MidAmerican Energy Financing I
November 1, 1996
Page 2

undivided beneficial interests in the Trust (each, a "Preferred Security" and
collectively, the "Preferred Securities"), as filed by MidAmerican, the Trust
and others as set forth therein with the Securities and Exchange Commission on
November 1, 1996;

          (d)  A form of Amended and Restated Trust Agreement of the Trust, to
be entered into among MidAmerican, the trustees of the Trust named therein, and
the holders, from time to time, of undivided beneficial interests in the Trust
(the "Trust Agreement"), attached as an exhibit to the Registration Statement;
and

          (e)  A Certificate of Good Standing for the Trust, dated the date
hereof, obtained from the Secretary of State.

          Initially capitalized terms used herein and not otherwise defined are
used as defined in the Trust Agreement.

          For purposes of this opinion, we have not reviewed any documents other
than the documents listed above, and we have assumed that there exists no
provision in any document that we have not reviewed that bears upon or is
inconsistent with the opinions stated herein.
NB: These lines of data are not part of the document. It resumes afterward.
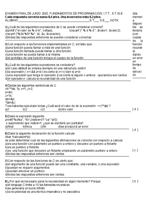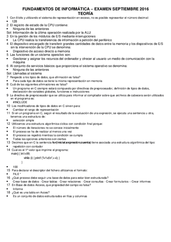 He publicado nuevos test de 1º Fundamentos de Informática: Solución Exámenes 2001 2002
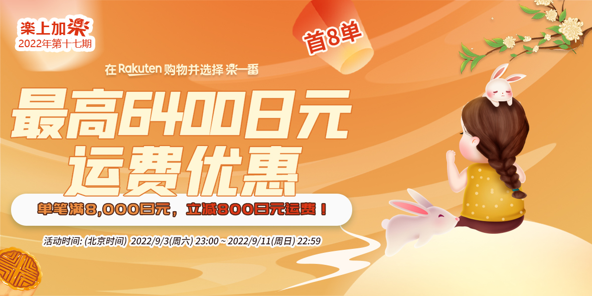 2022年9月3日(周六)23:00 ~ 2022年9月11日(周日)22:59(北京时间) 乐天购物单笔订单满8000减800。
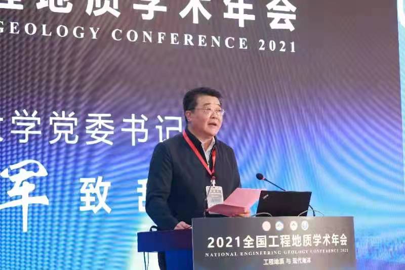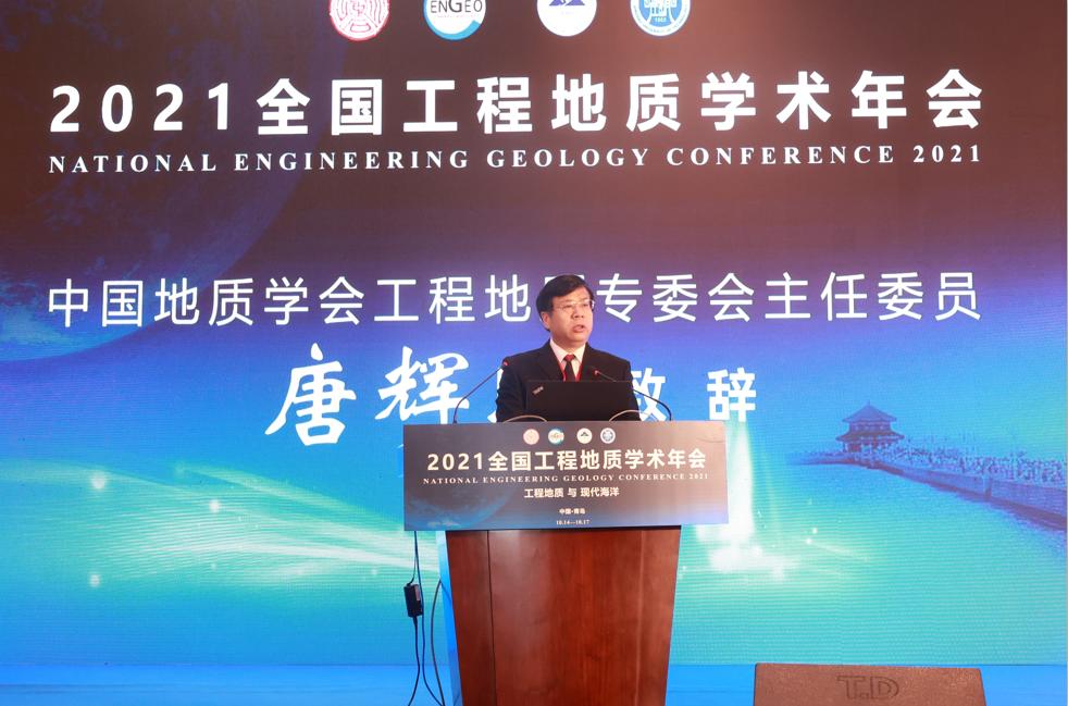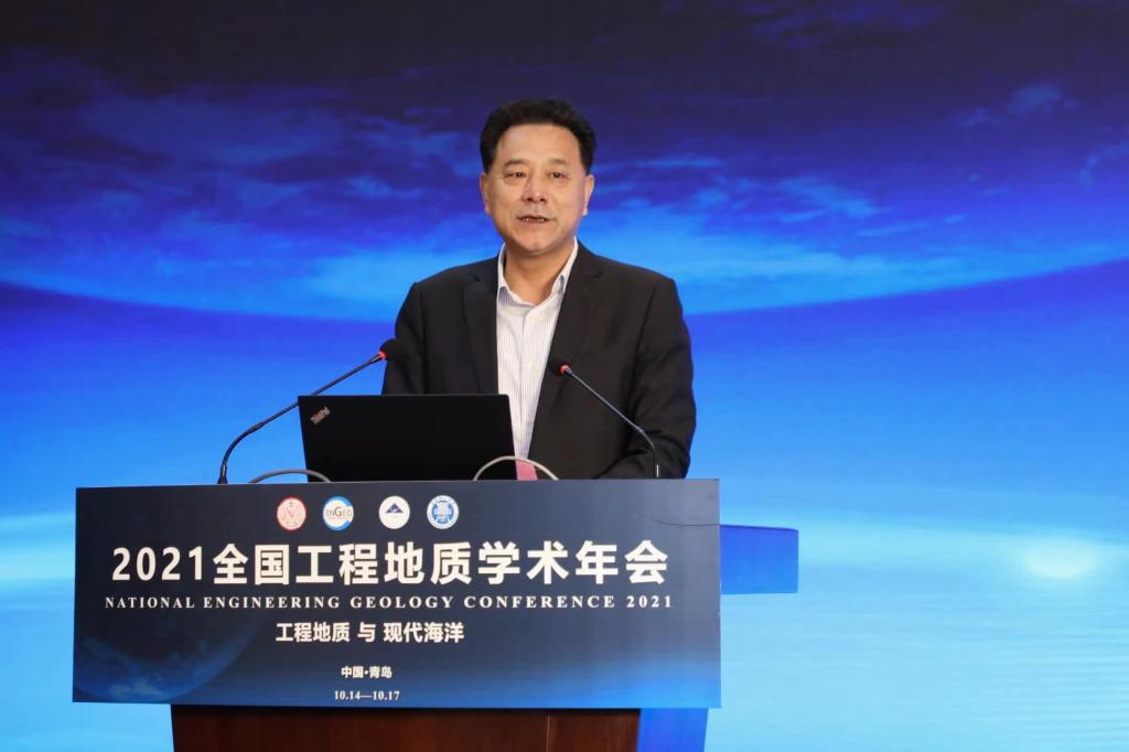 2021年10月15日,全国工程地质学术年会在青岛红岛国际会展中心隆重开幕。本次学术年会由中国地质学会主办,中国地质学会工程地质专业委员会和我校共同承办。国家自然科学基金委、中国科学院地质与地球物理研究所、长安大学、中国地质大学(武汉)等45家科研院所、高校和企事业单位支持协办。会议采用线上线下相结合的方式举行,来自全国的高校、科研院所和企事业单位的代表们到场参会,超过十万人线上参会。开幕式由大会组委会副主席、永利集团3044官网欢迎您党委常委、副校长王在泉主持。

We have conducted no independent
factual investigation of our own but rather have relied solely upon the
foregoing documents, the statements and information set forth therein and the
additional matters recited or assumed herein, all of which we have assumed to be
true, complete and accurate in all material respects.

          With respect to all documents examined by us, we have assumed (i) the
authenticity of all documents submitted to us as authentic originals, (ii) the
conformity with the originals of all documents submitted to us as copies or
forms, and (iii) the genuineness of all signatures.

          For purposes of this opinion, we have assumed (i) that the Trust
Agreement constitutes the entire agreement among the parties thereto with
respect to the subject matter thereof, including with respect to the creation,
operation and termination of the Trust, and that the Trust Agreement and the
Certificate are in full force and effect and have not been amended, (ii) except
to the extent provided in paragraph 1 below, the due creation or due
organization or due formation, as the case may be, and valid existence in good
standing of each party to the documents examined by us under the laws of the
jurisdiction governing its creation, organization or formation, (iii) the legal
capacity of natural persons who are parties to the documents examined by us,
(iv) that each of the parties to the documents examined by us has the power and
authority to execute and deliver, and to perform its obligations under, such
documents, (v) the due authorization, execution and delivery by all parties
thereto of all documents examined by us, (vi) the receipt by each Person to whom
a Preferred Security is to be issued by the Trust (collectively, the "Preferred
Security Holders") of a Preferred Security Certificate for such Preferred




MidAmerican Energy Financing I
November 1, 1996
Page 3

Security and the payment for the Preferred Security acquired by it, in
accordance with the Trust Agreement and the Registration Statement, and (vii)
that the Preferred Securities are issued and sold to the Preferred Security
Holders in accordance with the Trust Agreement and the Registration Statement.
We have not participated in the preparation of the Registration Statement and
assume no responsibility for its contents.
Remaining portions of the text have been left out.